Look, if you didn't want an enabler for your Speculative Fiction habit you wouldn't be here. 

Anyway...

 One day some cool stuff is happening and the totally fictional town, well sort of totally fictional town of Grantville, West Virginia and next thing you know - hey presto!- the town and all of the people and things in it are transported to Germany in the year 1632. If you're familiar with that time and place then you're familiar with the problem here. If not, that puts them in the middle of the Thirty Years War and surrounded by the fighting. It's not a friendly place. It is, however, a good place to be armed with a modern firearm if you happen to have one.

This book has it all. It's got action and adventure. It's got romance. It's got sex. Heck, there's even a nerd who gets laid. Seriously. There's even some politics. Actually, there are a LOT of politics because a town full of modern-day Americans who aren't in modern-day America anymore have some things they need to deal with. That could have been a problem for me because, put bluntly, I have about as much in common with a self-avowed Communist politically as I have with an alien from the planet Zargon, where voting rights are determined by how often you bud to create another Zargonian.

And yet...

Flint, unlike many of his co-religionis..  errr... fellow Marxists, is actually not in a hurry to throw the bill of rights away. Yes, I really mean that. If you're really interested I can send you something I wrote about it. Anyway, there's a lot of it. Flint's stereotypical conservative is kind of a douche, and Flint appears to be as unwilling as any of his fellow leftists to admit that the right actually does differentiate between legal and illegal immigrants,  but hey it's his book and honestly there are a lot of other things going on. It doesn't really detract from the book for more than a second or two. 

 Honestly, I think the part of 1632 that I like the most is that the government is so small. Even in a town of only a few thousand, it's not the top down society envisioned by most Leftists. The government doesn't try to control everything.

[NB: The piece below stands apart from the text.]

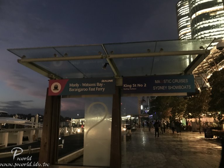 逛著逛著 想說既然都來到達利港了 那也可以從達利港搭乘渡輪到雪梨環狀碼頭(少走一些路) 搭船移動新的體驗 還能從海上看港灣大橋和雪梨歌劇院的夜景 不錯的選擇喔
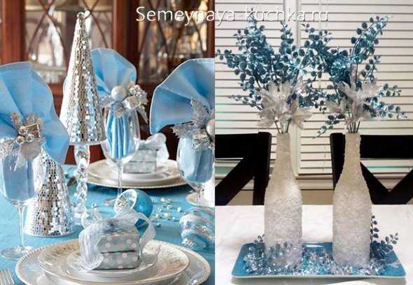 С белым сочетается любой оттенок синего. Вот ниже пример как небесно-синий цвет красиво мерцает на фоне белоснежной елки и скатерти стола, сервированного на Новый Год.

Part of that is because the people running the government are smart enough to know that they can't and therefore don't try and that puts them ahead of at least ninety-eight percent of today's Democrats. A certain amount of government is necessary, even if it is a necessary evil. Too much is just evil and Grantville doesn't have the layer of bureaucracy that modern governments are so enamored with. That's why it works.

More important is the society that is built and the way it's done. Even Flint's far left radical finds herself forced to compromise. This is a good thing. It's inevitable and it's realistic. I talk about this a lot but it's something that I think has to be in good fiction: Flint's characters have realistic and understandable motives. Now, the reader my not always AGREE with the motives of the characters in the book but  you can tell why they do what they do.

Yes, Flint's people are people and they live a breathe on the page. There are three young guys in particular who, aside from their love for motorcycles, remind me a lot of myself at the same age. Mike Stearns is a man who I could respect even if I wouldn't agree with everything he does. His wife Rebecca is a scholar's scholar and a woman I have a lot of admiration for. Mackay, the Scotsman, well...

My family is actually Clan MacKay so maybe I'm a bit biased here. I'd still buy him a beer if he actually, like, you know, existed. The thing is that it almost feels like he does.

As the guy with the history degree, I have to point out that what Flint wrote matches up with what I know about the time period in which the majority of 1632 takes place. Granted, I'm not all that familiar with the Thirty Years War as I do mainly US history starting at around the mid eighteen hundreds, but it all works. His depiction of the standard battle tactics of the day is sound. The nobles in the books are all legitimate. He admits to creating a German town that never really existed but 1632 _is_ a work of fiction after all. I also believe that he may have read a book or two about World War I tactics and the effects of machineguns on massed troops, but what do I know?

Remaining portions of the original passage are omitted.